Pound Jumps Most Since Brexit Vote as May Prepares to Take Powerby
Sterling rises to highest level in a week versus dollar
‘Way is clear’ for May to apply for Brexit: Commerzbank
The pound climbed the most since three days before Britain’s European Union referendum as Home Secretary Theresa May prepared to take over as the U.K.’s next prime minister, removing one layer of political uncertainty.
Sterling rose to its highest level in a week versus the dollar as investors digested the implications of the new premiership on the U.K.’s negotiations with the EU over its withdrawal from the bloc. May is poised to take office by Wednesday night London time, replacing David Cameron after her only rival pulled out of the Conservative leadership contest Monday. The FTSE 100 Index of shares touched an 11-month high.
“Now the way is clear for May” to apply for an exit from the EU, said Thu Lan Nguyen, a currency strategist at Commerzbank AG in Frankfurt. “There may be hopes that the whole process of uncertainty will be shortened.”
The pound rose 1.4 percent, the most since June 20, to $1.3185 as of 4:10 p.m. in London, having earlier touched $1.3190. The U.K. currency fell to a 31-year low of $1.2798 on July 6. Sterling strengthened for a fourth day against the euro, appreciating 1.4 percent to 83.93 pence.
The pound’s recovery this week has barely dented its drop since the June 23 referendum.
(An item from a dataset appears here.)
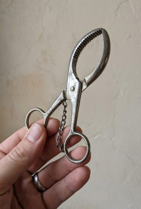 You’re browsing a random garage sale, sorting through the usual clutter — mismatched mugs, mystery cables, old candles — when you spot it. A strange little metal gadget. It has a loop, a handle, and kind of looks like oversized scissors. You pick it up and think, “Is this a giant cigar cutter?” But no. It’s too big. And honestly, who would sell a novelty cigar cutter anyway?
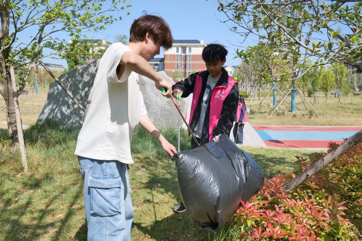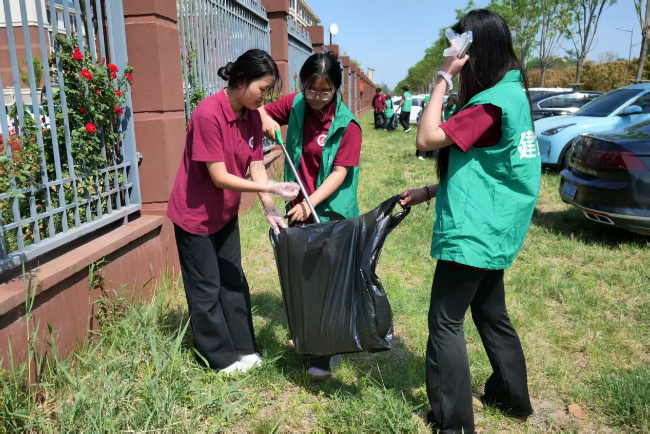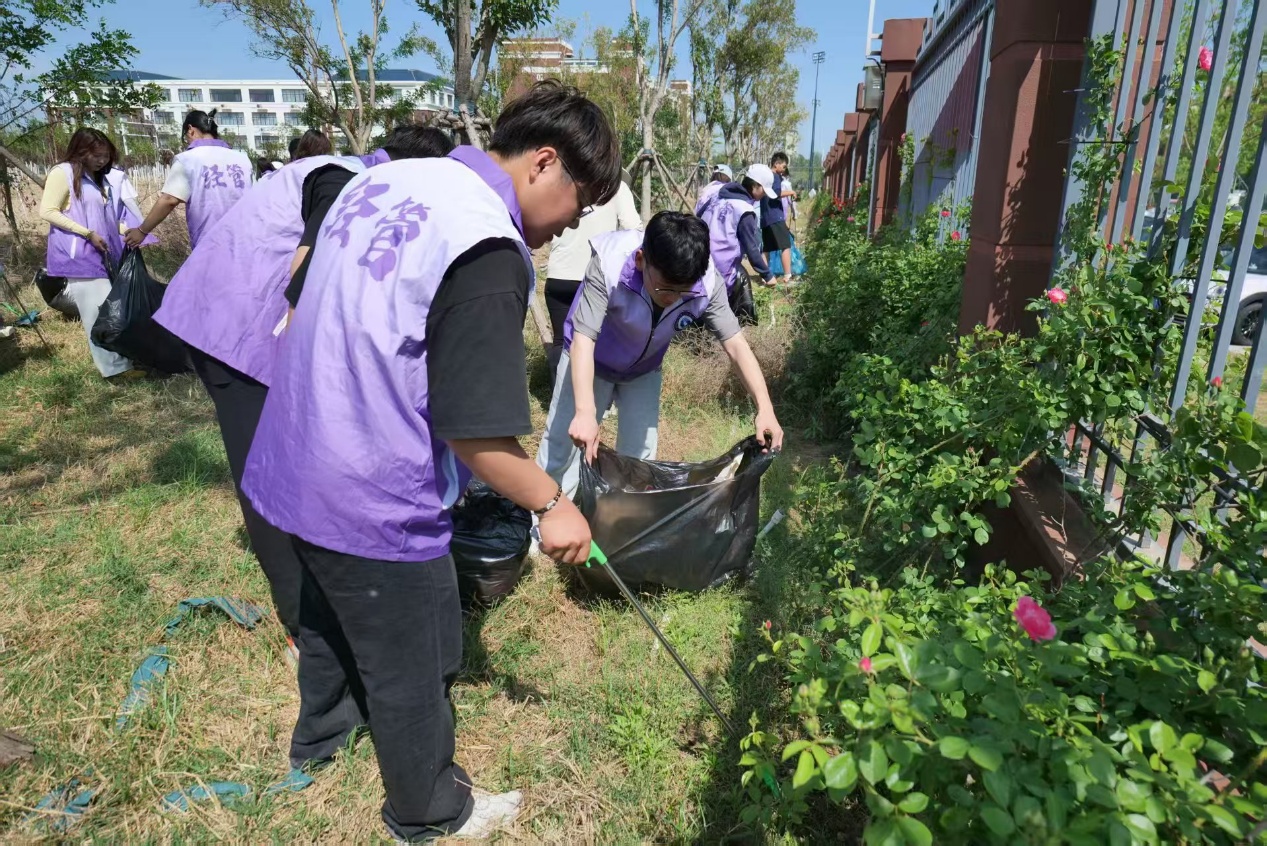 各二级学院志愿者在划定区域内协同作业,经过两个多小时的集中攻坚,校区围墙内外焕发新颜,道路整洁如新,绿植苍翠欲滴。

Sterling reached $1.50 in the aftermath of the vote, amid speculation the “Remain” camp would triumph, before falling the most on record as it became clear “Leave” would win. Speculation is also building that Bank of England policy makers will cut interest rates in an effort to spur growth amid signs the decision to leave the world’s biggest trading bloc shook confidence in the economy.
There “seems to be a notion that less political uncertainty is lowering the risk of the BOE turning more aggressive,” said Manuel Oliveri, a currency strategist at Credit Agricole SA’s corporate and investment-banking unit in London. “But this remains to be seen.”
In a testimony to parliament’s Treasury committee, BOE Governor Mark Carney defended the institution against criticism that it undermined its independence by highlighting the risks of a Brexit. The central bank will announce Thursday its first policy decision since the historic vote.
Futures pricing shows the chances of a rate cut by the BOE this week have climbed to 80 percent, compared with 11 percent on the day of the EU referendum.
U.K. government bonds fell, with benchmark 10-year gilt yields rising six basis points, or 0.06 percentage point, to 0.82 percent. The yield dropped to an all-time low of 0.708 percent Monday.
The current level of gilt yields “would suggest 30 years of stagnation,” Carney said in testimony to U.K. lawmakers. “But I would underscore that what is happening in markets, there’s a big element which is in our opinion, my opinion, a hedging of downside risk.”